Jurong Island—Asia’s preemptive LNG trading hub?
From the May 2013 issue of Hydrocarbon Processing

In the South Pacific, the artificial island of Jurong Island is the heart of Singapore’s energy and chemicals industry. It houses over 100 leading global petroleum, petrochemicals and specialty chemicals companies. With a rich history as an oil trading hub, Singapore is on course to become a regional liquefied natural gas (LNG) trading center with the construction of its first LNG terminal.

Developed by Singapore LNG, the Singapore LNG terminal is being constructed on a 30-hectare plot at the Meranti Seafront on Jurong Island. The $1.7-billion (B) facility will be used for importing LNG, reloading and regasifying, and storage. It is the first terminal constructed with bidirectional operations and storage. The new terminal will allow companies to unload LNG cargoes, store them, and then ship them at a later date.
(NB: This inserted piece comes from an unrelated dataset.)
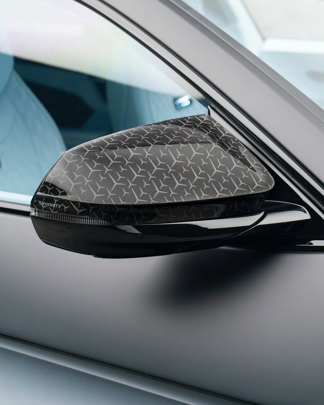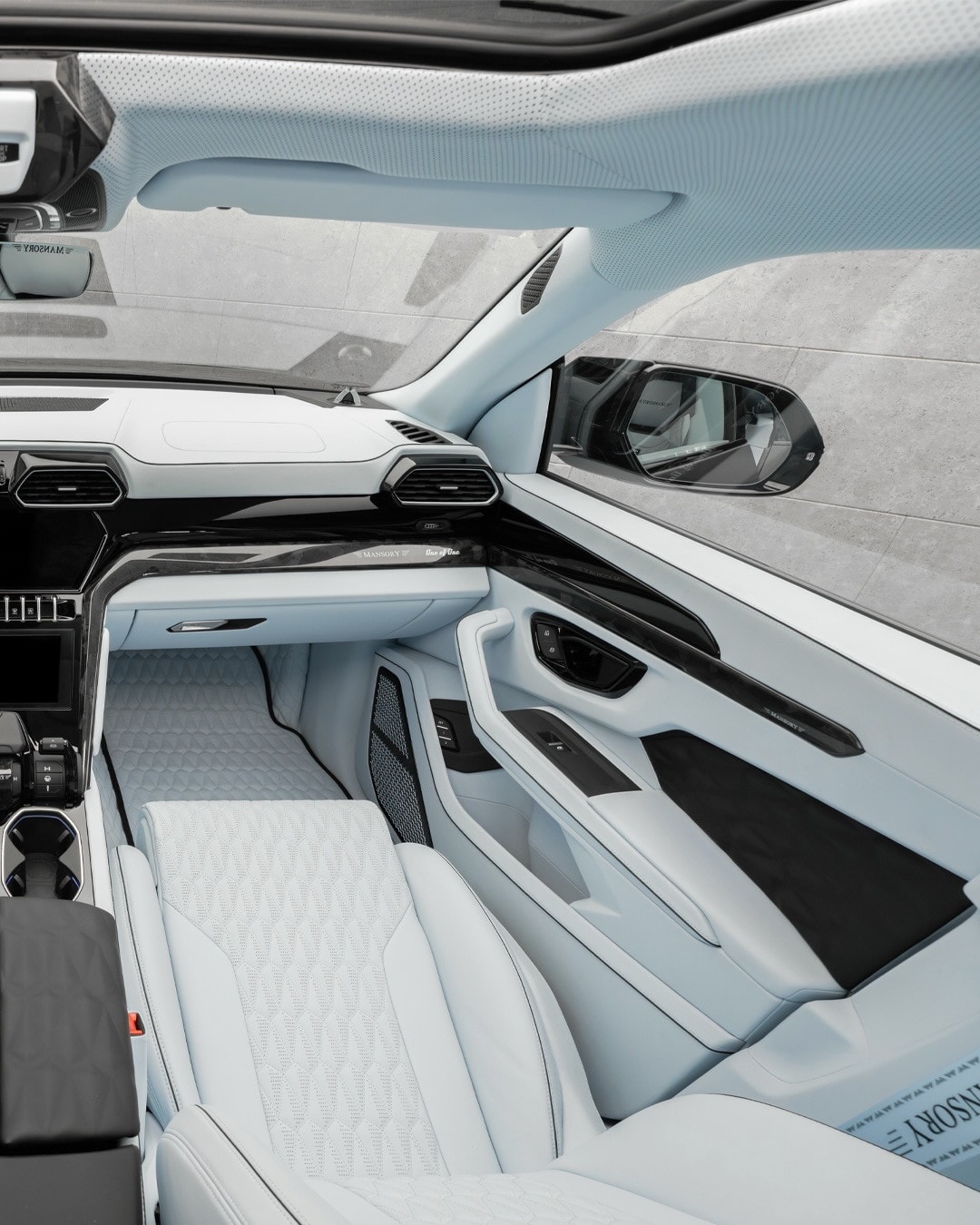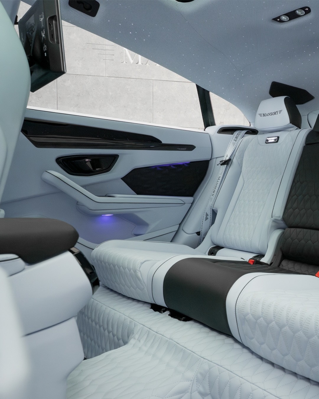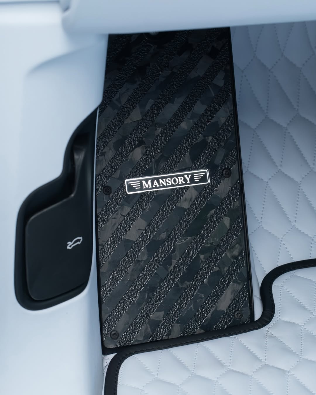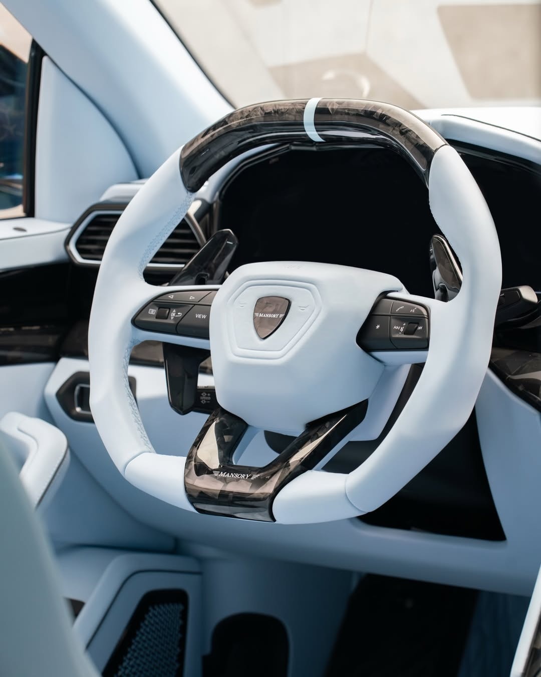 Inside, the color direction stays consistent. Light blue leather covers most surfaces, joined by black trim sections placed for contrast. Mansory logos appear across the cabin, including the seats and other upholstered areas. Black piping runs through the interior, together with glossy black accents and carbon fiber trim pieces. The cabin layout stays familiar, though the material mix shifts sharply from standard factory trim.
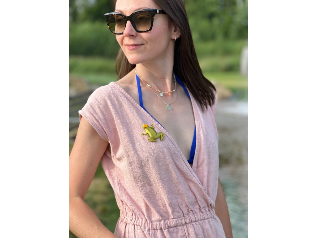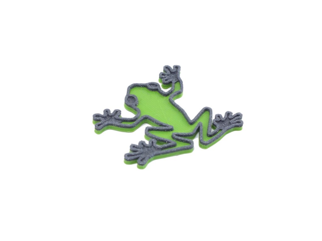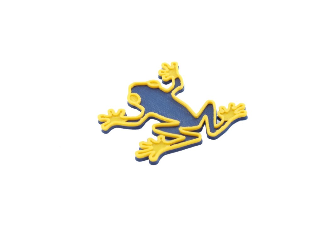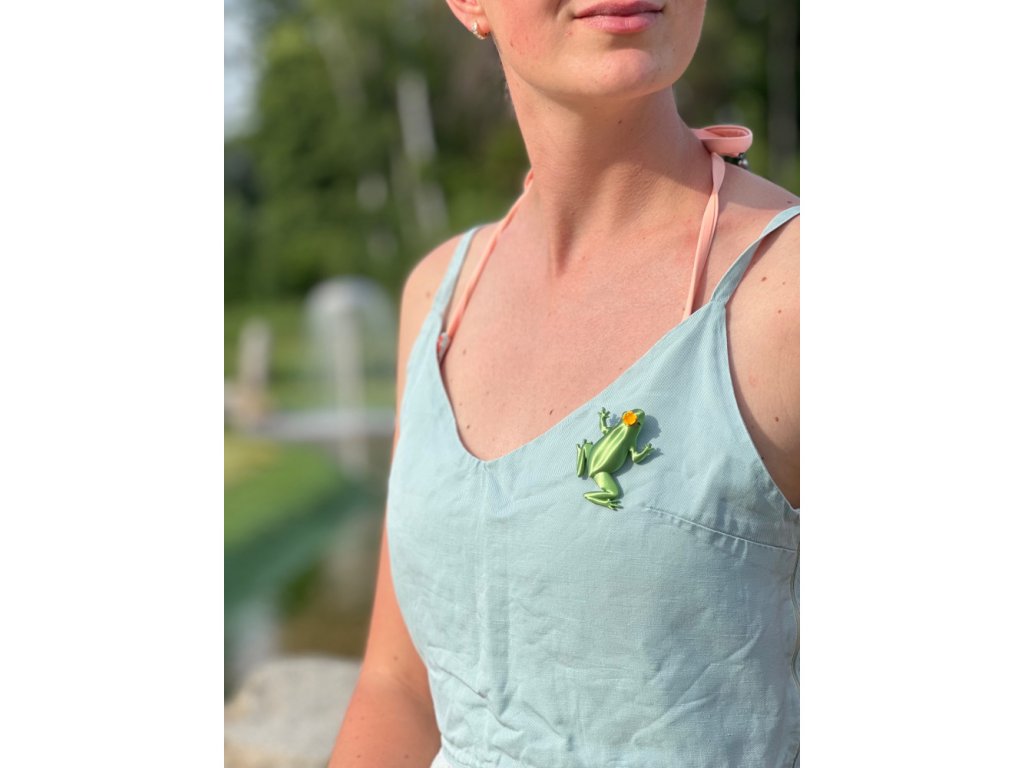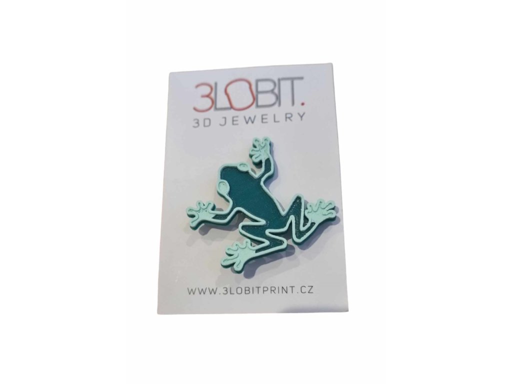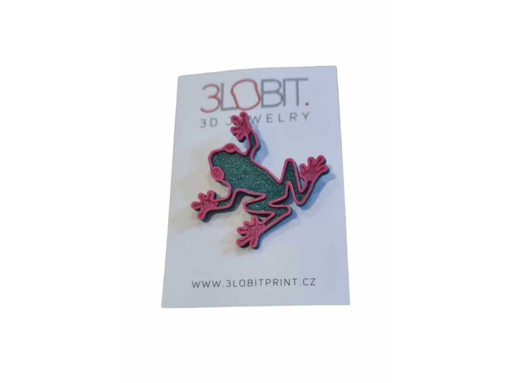 Originální brož žába z 3D tiskárny. Materiál plast PLA.

It will also aid in the redistribution of LNG supplies to regional destinations that cannot build large import facilities or that have ports too small to handle mega-sized LNG vessels.

The original contract to construct and operate the terminal was assigned to PowerGas in 2007. In 2009, Singapore’s Energy Market Authority (EMA) took over control of the project and created Singapore LNG (SLNG) to continue development. In 2010, SLNG awarded the engineering, procurement and construction (EPC) contract to Samsung C&T. Table 1 lists additional awards.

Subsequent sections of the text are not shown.